Procedure of testing
For testing distant visual acuity:
1. the patient is seated at a distance of 6 m (20 feet) from the Snellen´s
chart, so that the rays of light are practically parallel and the patient
exerts minimal accommodation.
2. The chart should be properly illuminated (not less than 20
footcandle).
3. The patient is asked to read the chart with each eye separately and the
visual acuity is recorded as the fraction, the numerator being the
distance of the patient from the letters and the denominator being the
smallest letters accurately read.
4. When the patient is able to read up to 6-m line, the visual acuity is
recorded as 6/6, which is normal. Similarly, depending upon the
smallest line that the patient can read from the distance of 6 m, his or
her vision is recorded as 6/9, 6/12, 6/18, 6/24, 6/36 and 6/60.
5. If one cannot see the top line from 6 m, he or she is asked to slowly
walk towards the chart till one can read the top line. Depending upon
the distance at which one can read the top line, the vision is recorded
as 5/60, 4/60, 3/60, 2/60 and 1/60.
6. If the patient is unable to read the top line even from 1 m, he or she is
asked to count fingers (CF) of the examiner. His or her vision is
recorded as
CF-3´, CF-2´, CF-1´ or CF close to face, depending
upon the distance at which the patient is able to count fingers.
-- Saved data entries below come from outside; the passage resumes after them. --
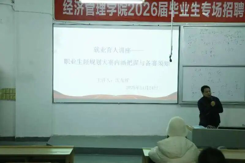 为助力学生精准把握职业规划大赛内涵,提升备赛效率,11月24日,经济管理学院在C105教室组织开展职业规划大赛内涵把握与备赛须知指导讲座。本次讲座由副教授、就业指导教师沈龙辉主讲,经济管理学院各班级代表积极参加。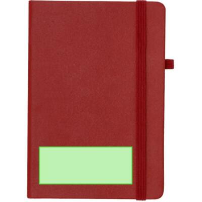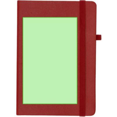 Bloc de notas con cubiertas rígidas y elaborado en PU Reciclado. Con práctico, soporte para bolígrafo, marcapáginas y cinta elástica de cierre a juego. Incluye 100 hojas color crema con disposición a rayas. Con distintivo de PU Reciclado.La PU Reciclado destaca por su resistencia y elasticidad. Este material reciclado y reciclable es una opción sostenible que rescata las fibras desechadas en los procesos de fabricación, minimizando así el desperdicio de material y contribuyendo a su vez a reducir el impacto ambiental, manteniendo a la vez sus propiedades originales.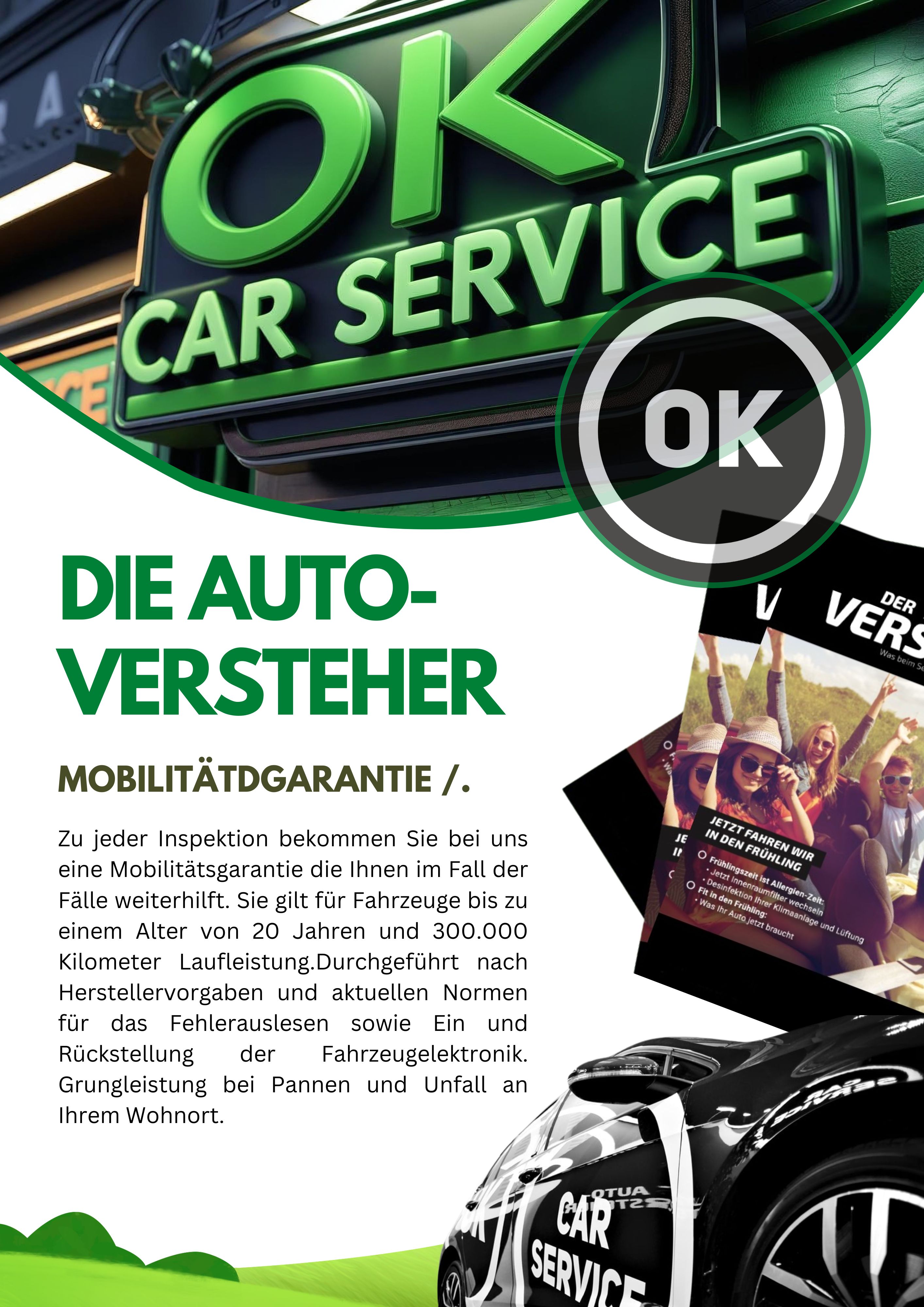 CAR SERVICE WERKSTÄTTEN sind keine Ketten oder unter Verkaufsdruck stehende Discounter, sondern selbstständige, Inhabergeführte, zertifizierte Meisterbetrieb, die auch die Kfz-technik von Morgen warten und reparieren können und die hohen Anforderungen von OK CAR SERVICE entsprechen. Technik Informationen, Vollsortiment an Ersatz-und Verschleißteilen, Hersteller Originalteile, Werkstattausrüstung, Elektrowerkzeug , Spezialwerk-zeug, Technik-Hotline EDV / Software Schulungen, Seminaren, Weiterbildung. Immer auf dem neusten Stand.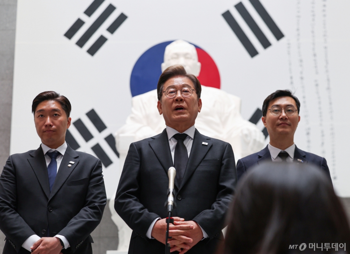 ![[서울=뉴시스] 권창회 기자 = 이재명 더불어민주당 대선 후보가 19일 서울 용산구 백범김구 묘역을 방문해 참배를 마친 뒤 백브리핑을 하고 있다. 2025.05.19. kch0523@newsis.com /사진=권창회](https://thumb.mt.co.kr/cdn-cgi/image/f=avif/21/2025/05/2025051912342165468_1.jpg)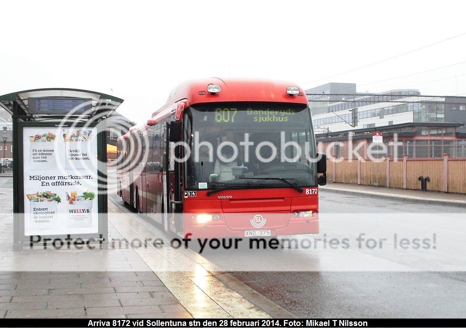 Nu verkar de flesta av ex-Keolis-Volvo B9S-vagnarna i Arrivas serie 8160-8172 vara i trafik. Bl a dök 8165, 8171 och 8172 upp i Sollentuna på linjerna 607 och 627.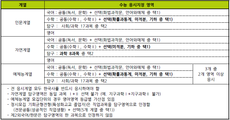 * 계열은 아래의 응시 계열별 수능 응시 지정 영역 구분임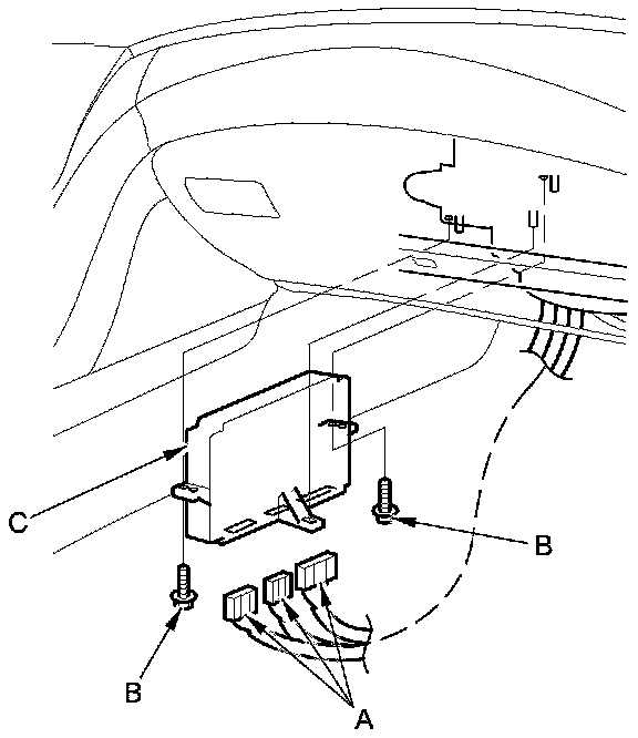 2. Disconnect the connectors (A). Remove the bolts (B) and the climate control unit (C).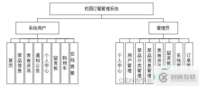 3.1系統(tǒng)功能通過前面的功能分析可以將校園訂餐管理系統(tǒng)的功能分為管理員和用戶兩個(gè)部分,系統(tǒng)的主要功能包括管理員管理:個(gè)人中心、用戶管理、菜品分類管理、菜品信息管理、美食資訊管理、留言板管理、系統(tǒng)管理、訂單管理等內(nèi)容。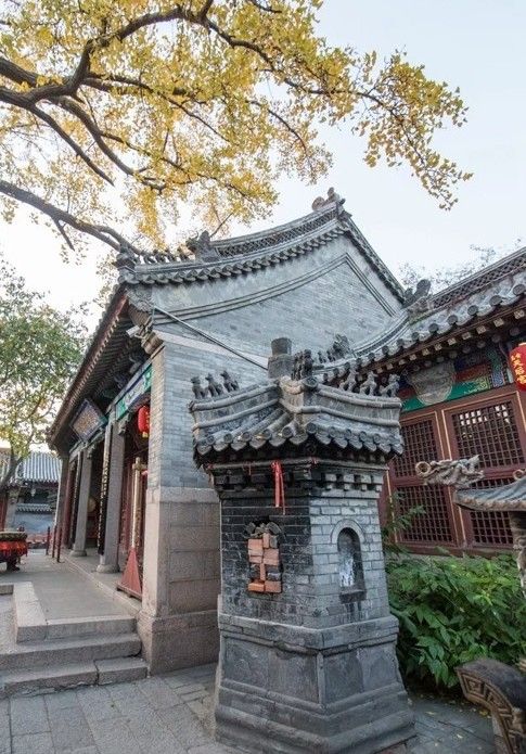 明代之后多次重修,现在看到的临街戏楼,是1937年大修时重建的。后殿基本保存原貌,院内两棵老银杏是明朝的遗物。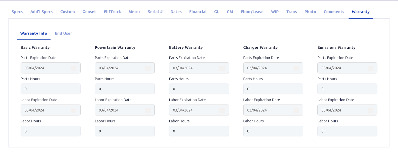 This tab provides a detailed breakdown of warranty policies for both parts and labor. Under each warranty type, you can enter the expiration dates and/or hours of coverage for parts and labor.

7. When the patient fails to count fingers, the examiner moves his or her
hand close to the patient´s face. If one can appreciate the hand
movements (HM), visual acuity is recorded as (HM positive). When
the patient cannot distinguish the hand movements, the examiner
notes whether the patient can perceive light (PL) or not. If yes, vision
is recorded as (PL positive) and if not it is recorded as (PL negative).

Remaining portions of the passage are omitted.